Let’s see what are list elements are named using the
names()
argument.
# first see what the list elements are named
names(bobcat_data)
## NULL
hmmmm that’s not ideal, our list elements don’t have names. We can
fix this by adding a function outside the
Purrrr::map()
to rename each object in the list.
# assign object name to environment and provide file path for the data
bobcat_data <- file.path('data/raw',
# provide the names of each data frame
c('bobcat_collection_data.csv',
'bobcat_necropsy_only_data.csv',
'bobcat_age_data.csv')) %>%
# use purrr::map to read in all data at once
purrr::map(
~read_csv(.x)) %>%
# assign names to list objects
purrr::set_names('collection',
'necropsy',
'age')
## Rows: 121 Columns: 7
## ── Column specification ────────────────────────────────────────────────────────
## Delimiter: ","
## chr (4): Bobcat_ID#, County, Township, CollectionDate
## dbl (3): Month, Coordinates_N, Coordinates_W
##
## ℹ Use `spec()` to retrieve the full column specification for this data.
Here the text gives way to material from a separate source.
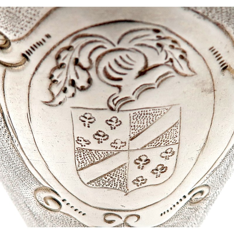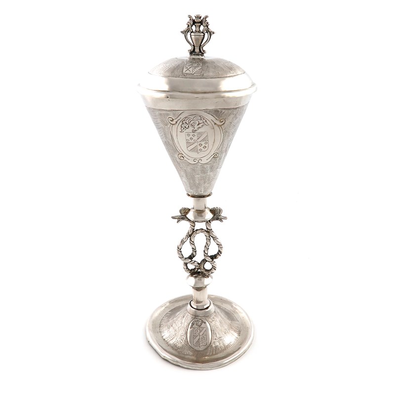matted decoration, tapering circular bowl embossed with an armorial, the stem with two mythical beast heads with snake like bodies, the cover with a scroll-mounted urn finial and an armorial, on a raised circular foot with an armorial, height 36cm, approx. weight 14.9oz. (2)

## ℹ Specify the column types or set `show_col_types = FALSE` to quiet this message.
## Rows: 121 Columns: 14
## ── Column specification ────────────────────────────────────────────────────────
## Delimiter: ","
## chr (13): Bobcat_ID#, NecropsyDate, Dissector, ApproxAge, Sex, Fecundity_Fem...
## dbl (1): Necropsy
##
## ℹ Use `spec()` to retrieve the full column specification for this data.
## ℹ Specify the column types or set `show_col_types = FALSE` to quiet this message.
## Rows: 121 Columns: 2
## ── Column specification ────────────────────────────────────────────────────────
## Delimiter: ","
## chr (2): Bobcat_ID#, Age
##
## ℹ Use `spec()` to retrieve the full column specification for this data.
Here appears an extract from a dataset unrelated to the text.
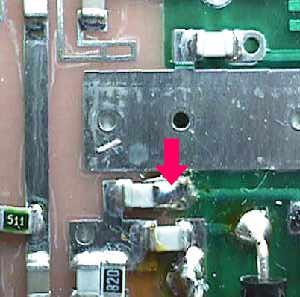 - Tear a part of the pattern showing red arrow on photo 10. The RF AMP circuit is located here.

## ℹ Specify the column types or set `show_col_types = FALSE` to quiet this message.
str(bobcat_data)
## List of 3
## $ collection: spc_tbl_ [121 × 7] (S3: spec_tbl_df/tbl_df/tbl/data.frame)
## ..$ Bobcat_ID# : chr [1:121] "5/18/01" "5/18/02" "58-18-03" "64-19-04" ...
## ..$ County : chr [1:121] "Athens" "Athens" "Morgan" "Perry" ...
## ..$ Township : chr [1:121] "Dover" "Canaan" "Hower" "Reading" ...
## ..$ CollectionDate: chr [1:121] "12/30/18" "12/14/18" "12/7/18" "2/10/19" ...
## ..$ Month : num [1:121] 12 12 12 2 1 3 2 2 2 3 ...
## ..$ Coordinates_N : num [1:121] 39.4 39.3 39.5 39.8 40.4 ...
## ..$ Coordinates_W : num [1:121] -82.1 -82 -82 -82.3 -81.2 ...
## ..- attr(*, "spec")=
## .. .. cols(
## .. .. `Bobcat_ID#` = col_character(),
## .. .. County = col_character(),
## .. .. Township = col_character(),
## .. .. CollectionDate = col_character(),
## .. .. Month = col_double(),
## .. .. Coordinates_N = col_double(),
## .. .. Coordinates_W = col_double()
## .. .. )
## ..- attr(*, "problems")=<externalptr>
## $ necropsy : spc_tbl_ [121 × 14] (S3: spec_tbl_df/tbl_df/tbl/data.frame)
## ..$ Bobcat_ID# : chr [1:121] "5/18/01" "5/18/02" "58-18-03" "64-19-04" ...
## ..$ Necropsy : num [1:121] 1 2 3 4 5 6 7 8 9 10 ...
## ..$ NecropsyDate : chr [1:121] "3/6/19" "3/9/19" "3/10/19" "3/13/19" ...
## ..$ Dissector : chr [1:121] "SP,_MD" "SP_MD_CH" "MD_CH" "MD_CH_HK" ...
## ..$ ApproxAge : chr [1:121] "Ad" "Ad" "Ad" "Juv" ...
## ..$ Sex : chr [1:121] "M" "F" "M" "F" ...
## ..$ Fecundity_Females: chr [1:121] "na" "na" "na" "0" ...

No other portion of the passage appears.